Task instructions: Below, find the line containing "You need a camera"; from there to the final line, print every line exactly and skip the pictures.

Data block:
....................

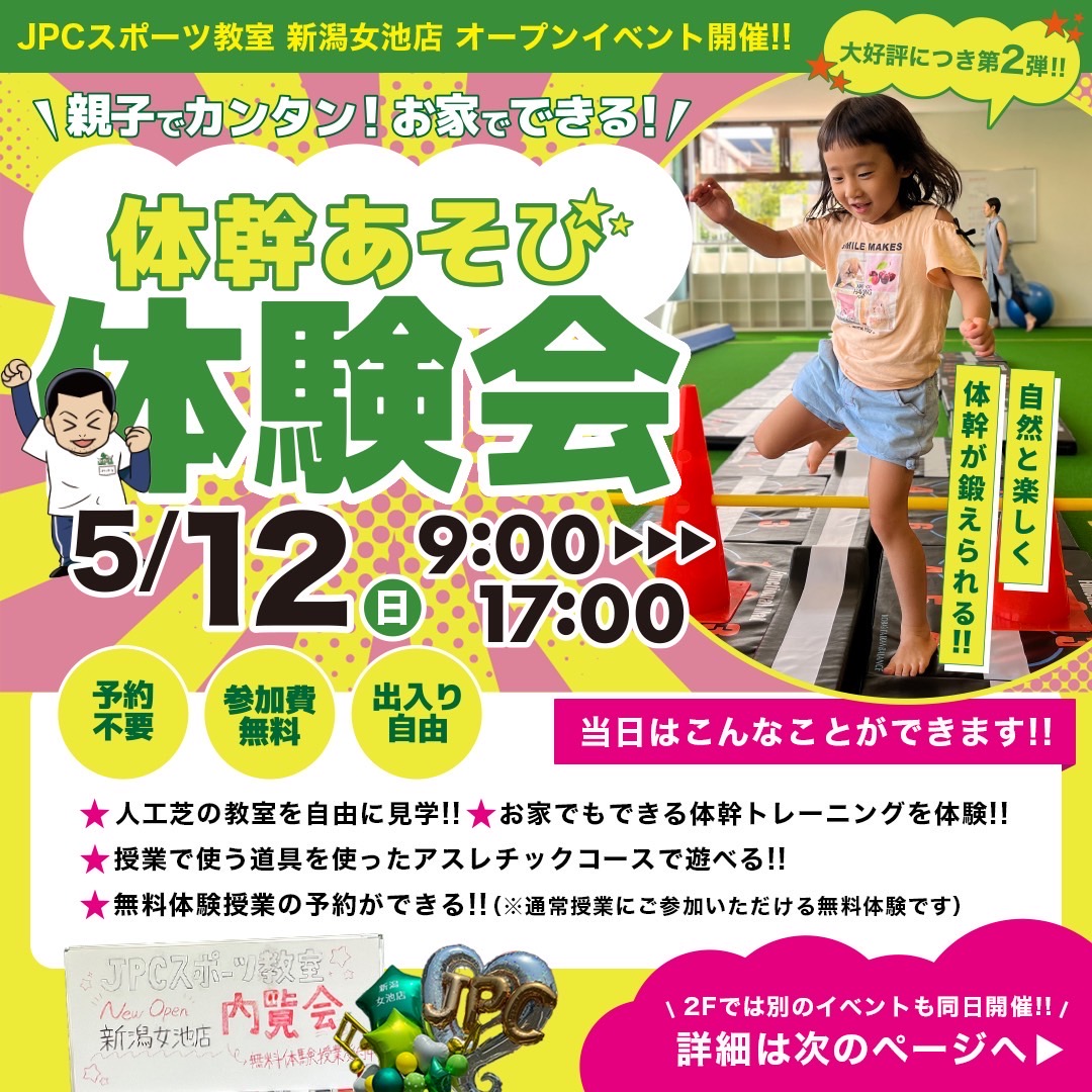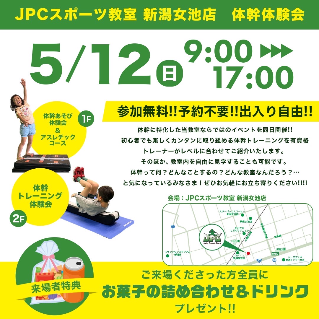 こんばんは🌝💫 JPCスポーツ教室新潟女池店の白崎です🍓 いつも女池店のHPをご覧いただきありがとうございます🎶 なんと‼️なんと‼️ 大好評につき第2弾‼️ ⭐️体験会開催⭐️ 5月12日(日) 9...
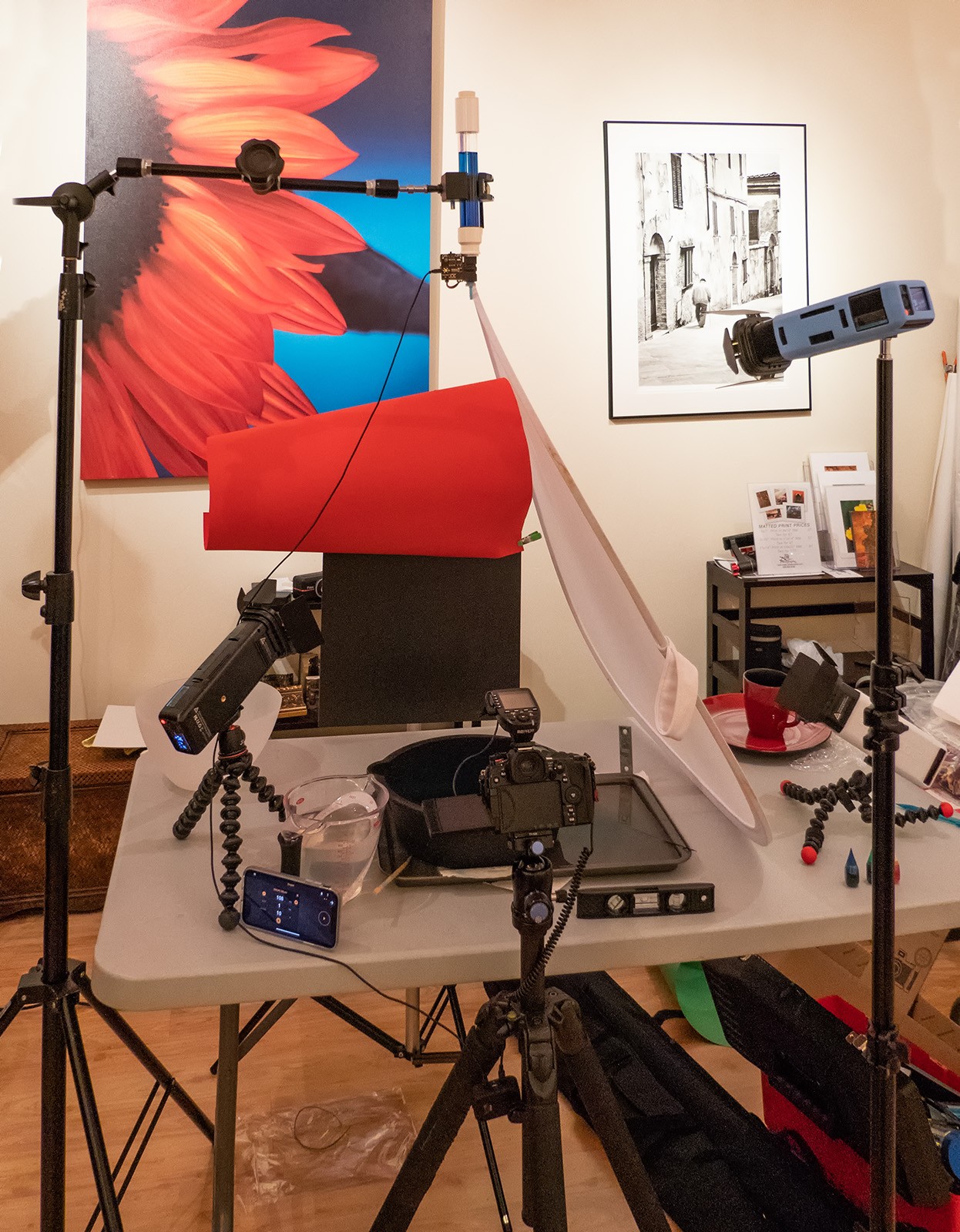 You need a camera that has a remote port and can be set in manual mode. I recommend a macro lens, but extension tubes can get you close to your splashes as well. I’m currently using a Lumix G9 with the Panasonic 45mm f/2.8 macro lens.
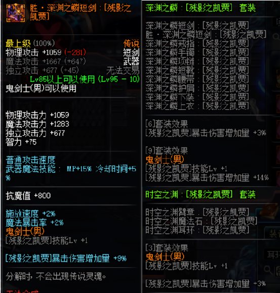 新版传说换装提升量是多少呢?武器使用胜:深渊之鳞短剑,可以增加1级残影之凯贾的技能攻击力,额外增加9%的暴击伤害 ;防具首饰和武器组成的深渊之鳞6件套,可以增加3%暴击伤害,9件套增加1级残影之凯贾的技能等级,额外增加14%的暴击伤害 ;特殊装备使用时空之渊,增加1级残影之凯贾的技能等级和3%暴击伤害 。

....................

Answer box:
 You need a camera that has a remote port and can be set in manual mode. I recommend a macro lens, but extension tubes can get you close to your splashes as well. I’m currently using a Lumix G9 with the Panasonic 45mm f/2.8 macro lens.
 新版传说换装提升量是多少呢?武器使用胜:深渊之鳞短剑,可以增加1级残影之凯贾的技能攻击力,额外增加9%的暴击伤害 ;防具首饰和武器组成的深渊之鳞6件套,可以增加3%暴击伤害,9件套增加1级残影之凯贾的技能等级,额外增加14%的暴击伤害 ;特殊装备使用时空之渊,增加1级残影之凯贾的技能等级和3%暴击伤害 。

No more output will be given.